Source records
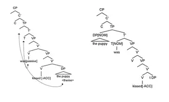 Burzio's Generalization builds off of the cross linguistic similarities observed in passives and unaccusatives, where a verb fails to assign a theta role to the subject and cannot assign accusative Case to the object. These structures all undergo similar DP movement as a way to satisfy Extended Projection Principle and Case Theory. Extended Projection Principle states that all clauses must contain a DP subject and Case Theory states that all DP's must check for Case in the complement or specifier position. A theta role is not assigned to the subject position because the subject is underlyingly in the object position during theta role assignment (which happens in the d-structure). Therefore, it has a theta role that is typically given to objects, such as "theme." Verbs in these structures cannot assign accusative Case, therefore the DP must move to the empty specifier position of finite Tense (T) in order to fulfill the subject position and check for Case. Once the DP has moved to the specifier position of Tense Phrase (TP), nominative case is assigned to the DP by the T position. This occurs in the s-structure after the DP has moved from the object position.[14]
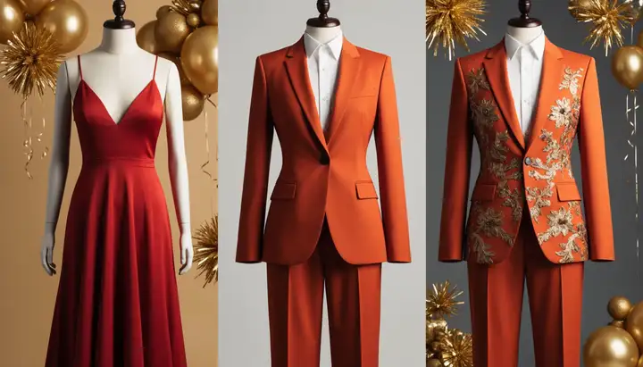 Платья — главный элемент новогоднего стиля. Платье-футляр красного цвета отлично подойдёт для создания классического праздничного образа. Более свободные модели, такие как платья с драпировкой, подчеркнут легкость и динамику. Альтернатива — брючные костюмы с комбинированием с яркими топами и блестящими тканями, такие как сатин или бархат, могут сделать образ более современным и удобным.
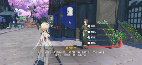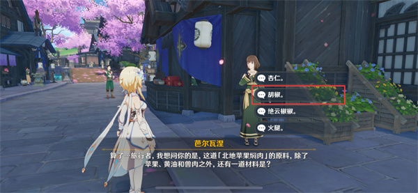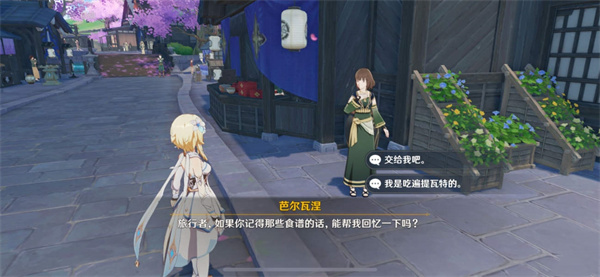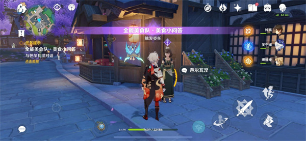 1、玩家首先需要来到稻妻城内,与芭尔瓦涅对话来获取任务“全能美食队·美食小问答”。
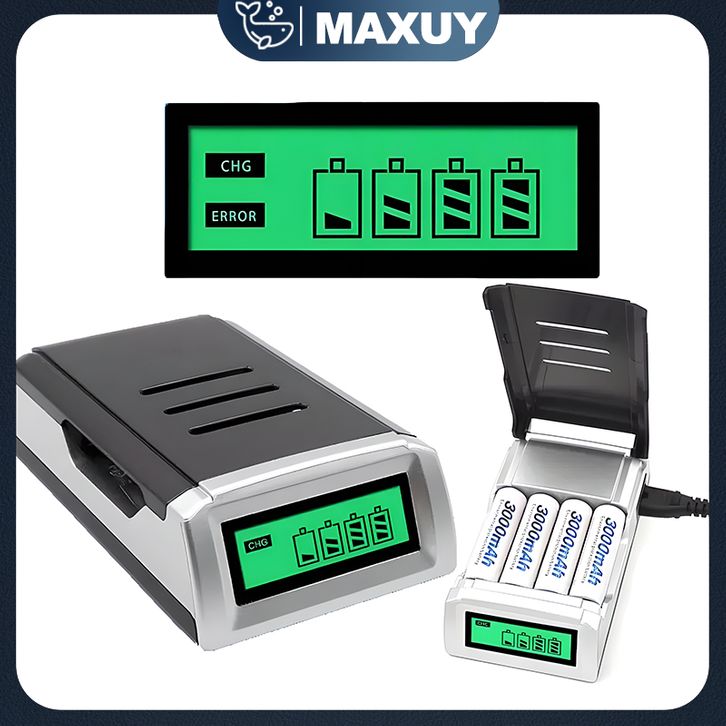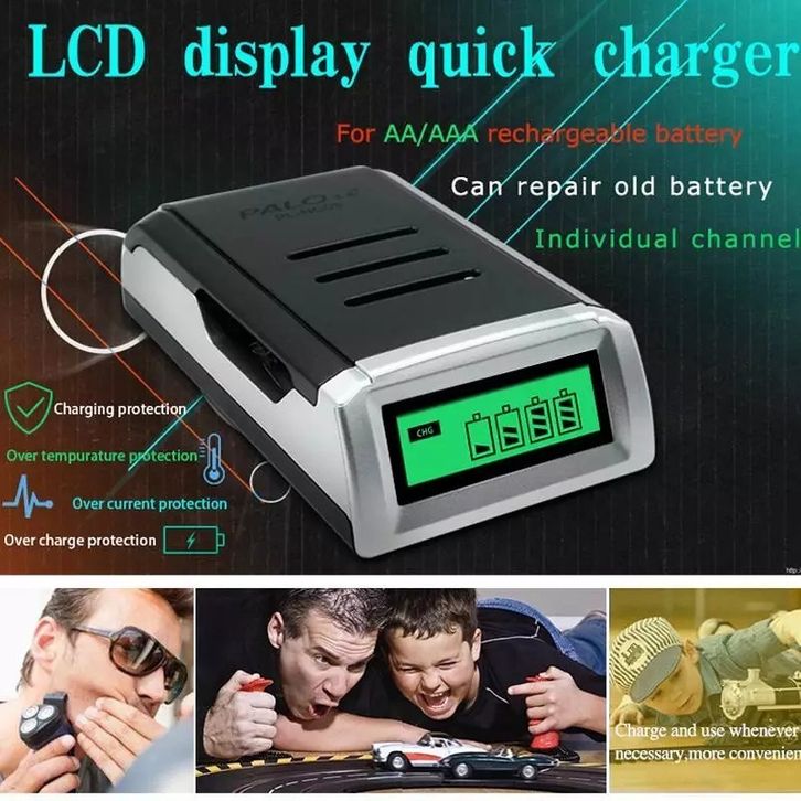 Smart Intelligent LCD 4 Slot Charger Baterai for AA, AAA NiMh NiCd - C905W
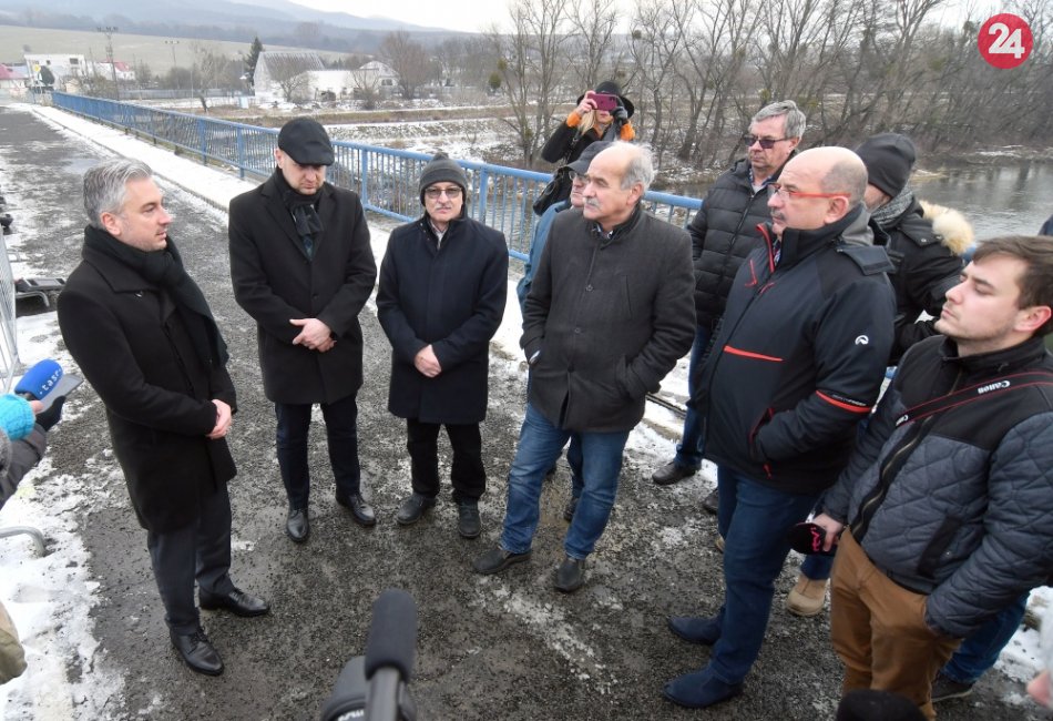 Na snímke vľavo predseda Košického samosprávneho kraja (KSK) Rastislav Trnka v diskusii s obyvateľmi na poškodenom moste cez rieku Laborec medzi mestom Strážske v okrese Michalovce a miestnou časťou Krivošťany počas kontrolného dňa,

* [Exercise requirements] Write out the data precisely as given, excluding the pictures.

* [Solution for this exercise]
 Burzio's Generalization builds off of the cross linguistic similarities observed in passives and unaccusatives, where a verb fails to assign a theta role to the subject and cannot assign accusative Case to the object. These structures all undergo similar DP movement as a way to satisfy Extended Projection Principle and Case Theory. Extended Projection Principle states that all clauses must contain a DP subject and Case Theory states that all DP's must check for Case in the complement or specifier position. A theta role is not assigned to the subject position because the subject is underlyingly in the object position during theta role assignment (which happens in the d-structure). Therefore, it has a theta role that is typically given to objects, such as "theme." Verbs in these structures cannot assign accusative Case, therefore the DP must move to the empty specifier position of finite Tense (T) in order to fulfill the subject position and check for Case. Once the DP has moved to the specifier position of Tense Phrase (TP), nominative case is assigned to the DP by the T position. This occurs in the s-structure after the DP has moved from the object position.[14]
 Платья — главный элемент новогоднего стиля. Платье-футляр красного цвета отлично подойдёт для создания классического праздничного образа. Более свободные модели, такие как платья с драпировкой, подчеркнут легкость и динамику. Альтернатива — брючные костюмы с комбинированием с яркими топами и блестящими тканями, такие как сатин или бархат, могут сделать образ более современным и удобным.
 1、玩家首先需要来到稻妻城内,与芭尔瓦涅对话来获取任务“全能美食队·美食小问答”。
 Smart Intelligent LCD 4 Slot Charger Baterai for AA, AAA NiMh NiCd - C905W
 Na snímke vľavo predseda Košického samosprávneho kraja (KSK) Rastislav Trnka v diskusii s obyvateľmi na poškodenom moste cez rieku Laborec medzi mestom Strážske v okrese Michalovce a miestnou časťou Krivošťany počas kontrolného dňa,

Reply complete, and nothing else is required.